Abstract
Background A recent study of the gene expression patterns of Zika virus (ZIKV) infected human neural progenitor cells (hNPCs) revealed transcriptional dysregulation and identified cell-cycle-related pathways that are affected by infection. However deeper exploration of the information present in the RNA-Seq data can be used to further elucidate the manner in which Zika infection of hNPCs affects the transcriptome, refining pathway predictions and revealing isoform-specific dynamics.
Methodology/Principal Findings We analyzed data published by Tang et al. using state-of-the-art tools for transcriptome analysis. By accounting for the experimental design and estimation of technical and inferential variance we were able to pinpoint Zika infection affected pathways that highlight Zika’s neural tropism. The examination of differential genes reveals cases of isoform divergence.
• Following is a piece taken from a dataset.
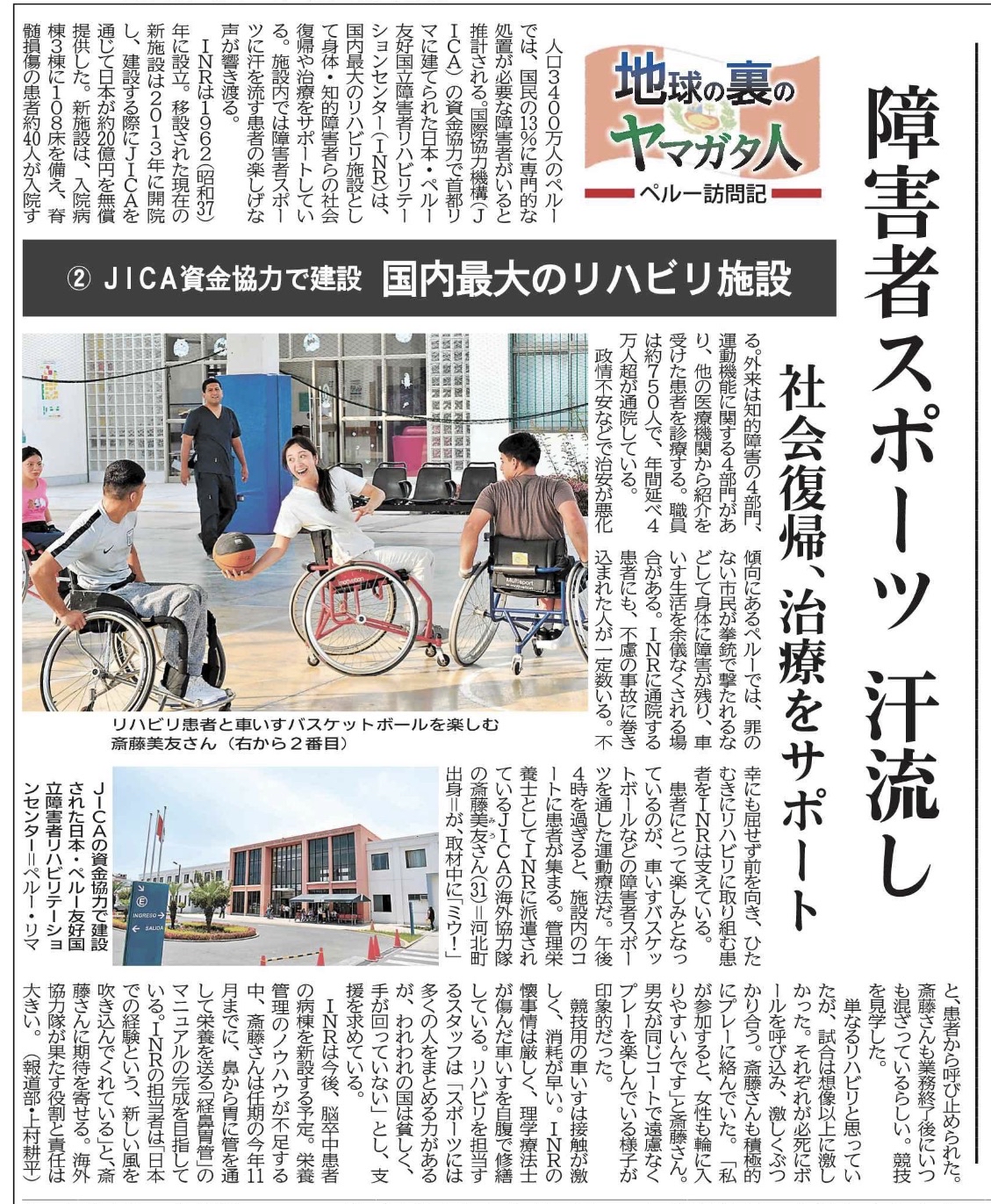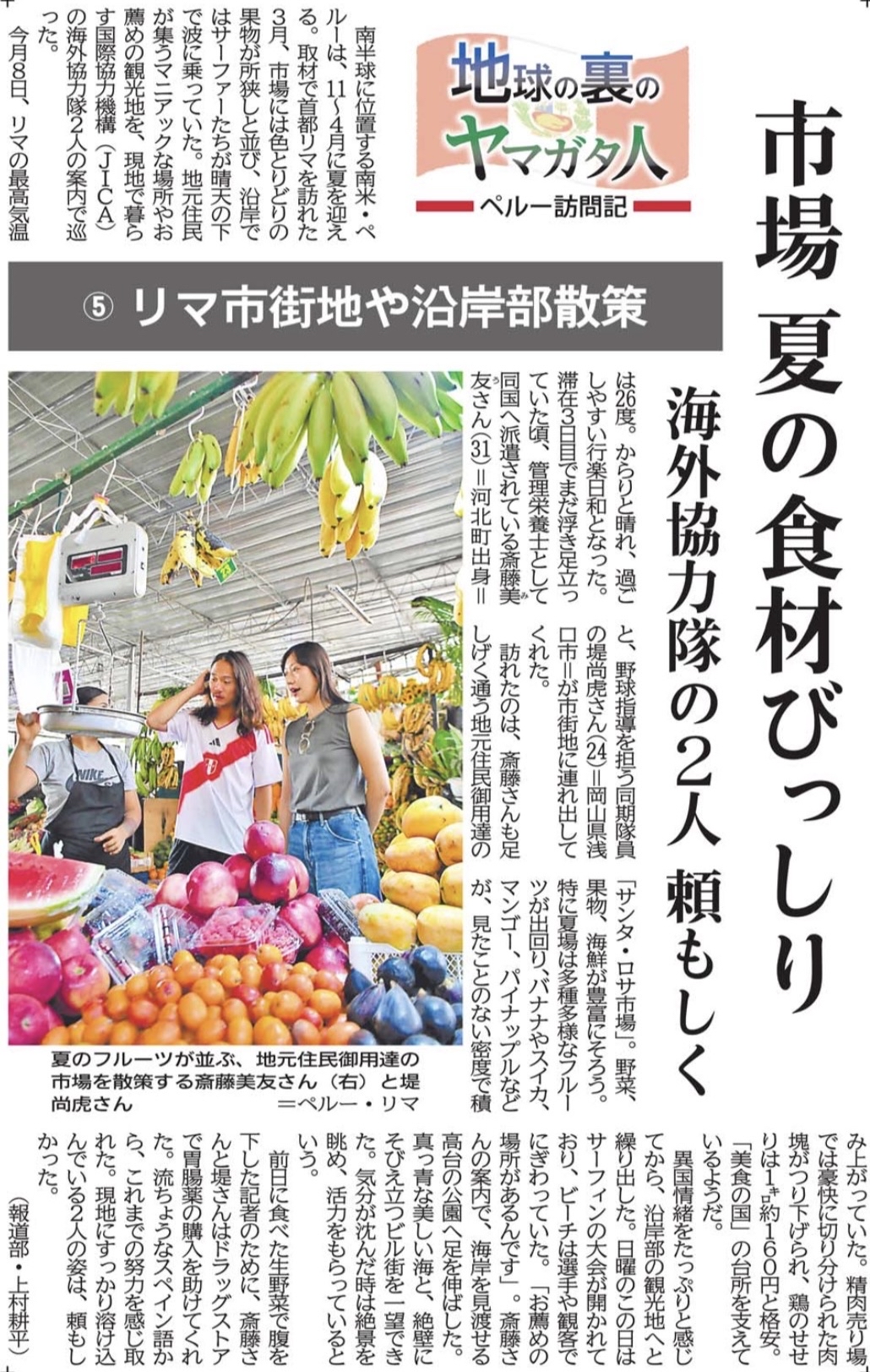この度、山形新聞社の上村耕平記者がペルー共和国を訪問し、JICA海外協力隊員をはじめとして山形県とゆかりのある方々を取材いただきました。帰国後、山形新聞社紙面に記事が掲載されましたので、以下のとおりご紹介します。

Conclusions/Significance Transcriptome analysis of Zika infected hNPCs has the potential to identify the molecular signatures of Zika infected neural cells. These signatures may be useful for diagnostics and for the resolution of infection pathways that can be used to harvest specific targets for further study.
Introduction
As infection with Zika virus (ZIKV) is associated with increasing cases of congenital microcephaly and adult Guillain-Barre Syndrome, a characterization of its pathophysiology becomes crucial. A molecular characterization of the effects of infection may help in the development of fetal diagnostics and can accelerate the identification of crucial genes and pathways critical in disease progression. RNA-Sequencing (RNA-Seq) is an effective technology for probing the transcriptome and has been applied to study the effects of ZIKV infection of human neuroprogenitor cells (hNPCs) [1].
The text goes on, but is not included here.